Is the 5.2% pay raise enough for feds? Union says no
While the president authorized the largest pay raise for federal employees in more than 40 years last month, the National Federation of Federal Employees said inflation and the outpacing private sector pay means workers need more.
Thanks to several economic headwinds afoot, a record-setting pay raise for federal employees ain’t what it used to be.
Though President Biden inked the largest federal pay raise since 1980 last month, there are concerns from at least one federal employee union that ongoing inflationary pressures are eating into the 5.2% pay bump — a 4.7% across-the-board increase to basic pay, along with an average 0.5% increase in locality pay — that workers received.
Officials from the National Federation of Federal Employees, which represents more than 110,000 workers nationwide, said in a release earlier this month that inflation and a widening compensation gulf between the public sector and its private sector counterparts means the federal government must do more to help its talent keep pace with the economy.
“Thank you to President Biden for signing into law the largest pay increase for federal employees in more than 40 years,” said NFFE National President Randy Erwin in a statement. “Congress must understand that to attract and retain a skilled workforce that best serves the American people, we need to pay our civil servants competitive wages.”
The 5.2% pay raise was already somewhat of an anomaly, because it was initially proposed by the White House in March and saw backing in both the House and Senate versions of the fiscal 2024 National Defense Authorization Act, but still needed approval from Congress.
However, amid the ongoing budget appropriations impasse, Congress never offered its own pay raise plan before the end of the year, leaving President Biden to cement his by executive order.
However, NFFE notes that even with the executive order, federal employees in lower locality pay areas of the country could see a bump as low as 4.94%. Meanwhile, Federal Wage System employees could see shifting rates determined by “prevailing rate calculations for a specific area” and wouldn’t get the raise until fiscal 2024 pay limitations have been put in place.
Because of this, NFFE officials backed legislation from Sen. Brian Schatz, D-Hawaii, last year dubbed the Federal Adjustment of Income Rates, or FAIR, Act. The FAIR Act proposed to raise federal employee wages by 8.7% when combined with base and locality pay, but the bill never made it out of committee.
This comes as Bureau of Labor Statistics data showed in November that federal workers made 27.54% less on average than their private sector counterparts, up from 24.09% in 2022.
To help ensure that federal employees can keep pace with the economy, particularly when agencies are striving to both attract and retain talent, some have called for strategies like incorporating incentive payments for sought-after positions as a way to narrow the private sector pay gap.

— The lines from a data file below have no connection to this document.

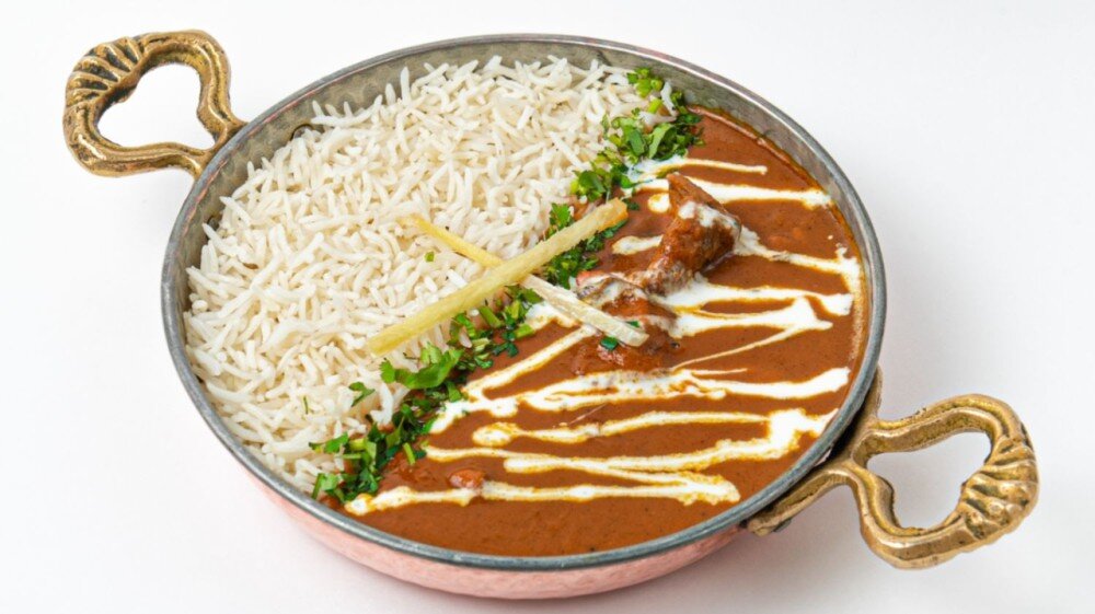 Шырынды пияз-қызанақ тұздығындағы үнді дәмдеуіштері бар нәзік тауық еті/панир ірімшігі. Басмати күрішімен бірге беріледі
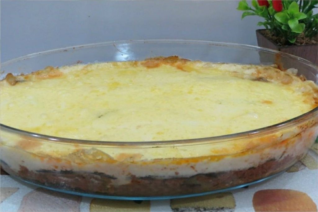 - Em um refratário, alterne camadas de berinjela e carne moída, finalizando com o molho branco.
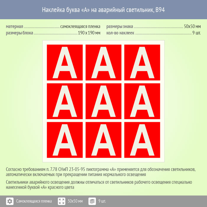 Наклейка буква «А» на аварийный светильник, B94 (пленка, 50х50 мм, блок 9 штук, 190х190 мм) в Ульяновске купить
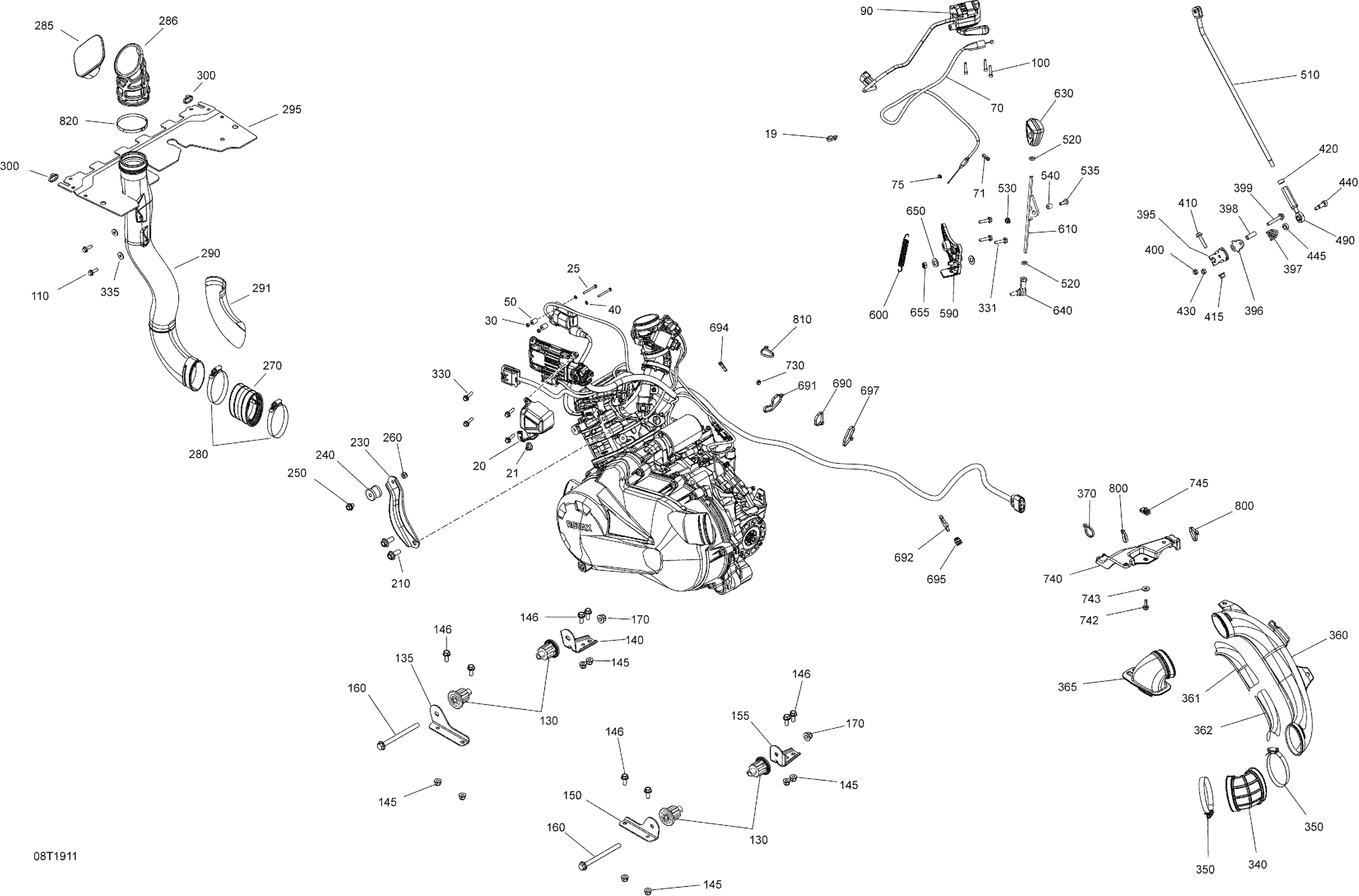 Can-Am Outlander MAX 6X6 - 450 EFI - 2019; Engine - 450 EFI - 6X6 Diagram
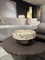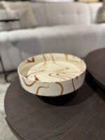 Serving bowl van gemarmerd keramiek in zacht gebroken wit en natuurlijk roodbruin, elke schaal is uniek.
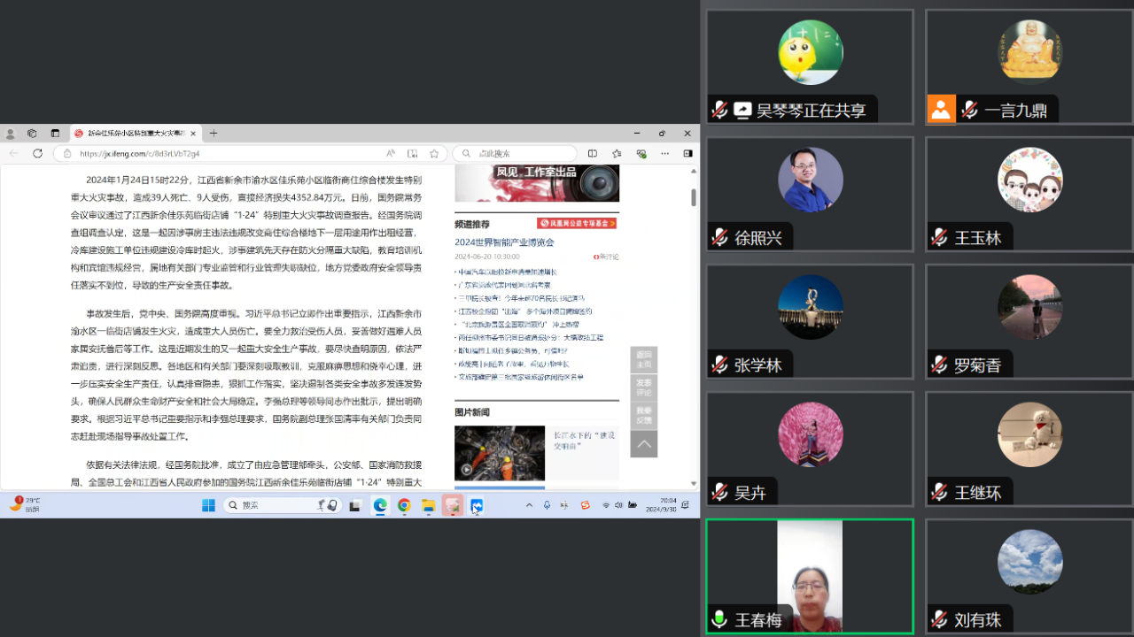 首先,学院王春梅书记带澳门正规电子游戏平台全体教职工学习新余佳乐苑小区特别重大火灾事故的通报的文件,为深刻汲取2024年1月24日江西省新余市渝水区佳乐苑小区发生的特别重大火灾事故教训,全面提升社会各界的安全防范意识和应急处置能力。共同就安全教育的现状、挑战与对策进行了深入探讨。安全是发展的前提,是人民幸福生活的基石。加强安全教育,提高全民安全素质,是我们共同的责任和使命。详细介绍了事故调查报告,分析了事故发生的直接原因和间接原因,包括涉事房主违法违规改变建筑用途、冷库建设施工单位违规作业、教育培训机构和宾馆违规经营、属地有关部门监管失职等问题。报告还总结了事故教训,提出了加强安全监管、完善安全设施、提升应急处置能力等整改和防范措施建议。通过该通报文件的学习王书记强调安全教育要求:“三管三必须”原则:认识到位、责任到位、作风到位,要求全体教师提高安全意识,时刻保持警惕;安全措施部署:各实验室、教室、办公场所必须有应急处置方案。教师需关注师生健康成长,关注意识形态安全。
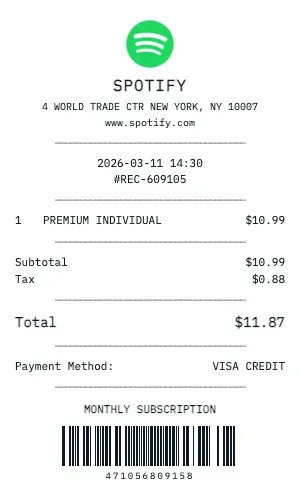 Whether you need a Spotify receipt for a warranty claim, return authorization, price adjustment, or expense documentation, our generator creates receipts that look exactly like the real thing. Customize store number, register number, transaction ID, and barcode.
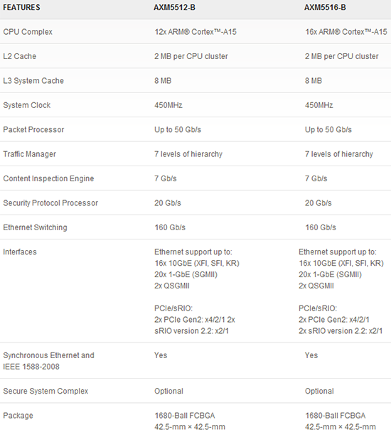 Ces puces AMX seront dotées en fonction du modèle de 12 à 16 cœurs Cortex A15, les plus puissants mais ici proposés à une fréquence relativement basse, 450 MHz, ce qui permet d'en abaisser la consommation. Le choix de nombreux cœurs à faible fréquence est aussi conditionné par l'usage spécifique de ces puces, dont l'essentiel du travail est hautement parallélisable.

In response to a proposed Office of Personnel Management rule issued Jan. 16 to expand the authority to waive the normal payment limitations on recruitment and relocation incentives, Partnership for Public Service president and CEO Max Stier said the federal government should widen its scope even further.
“The federal government should go beyond this individual approach and analyze the compensation for full fields of difficult to hire positions,” he said in the proposed rule’s comments. “This would enable agencies to provide competitive incentives to reduce pay gaps, quicken the time to hire more broadly and broadcast to current and potential employees that the federal government is willing and equipped to compete for their talent.”
Meanwhile, NFFE officials said they will continue to call for broad-scale reforms such as updates to the Federal Wage System, better data to capture the economic growth happening in locality pay areas to elevate pay and better alignment between the FWS and General Schedule systems, for which there is currently legislation on Capitol Hill that the union supports.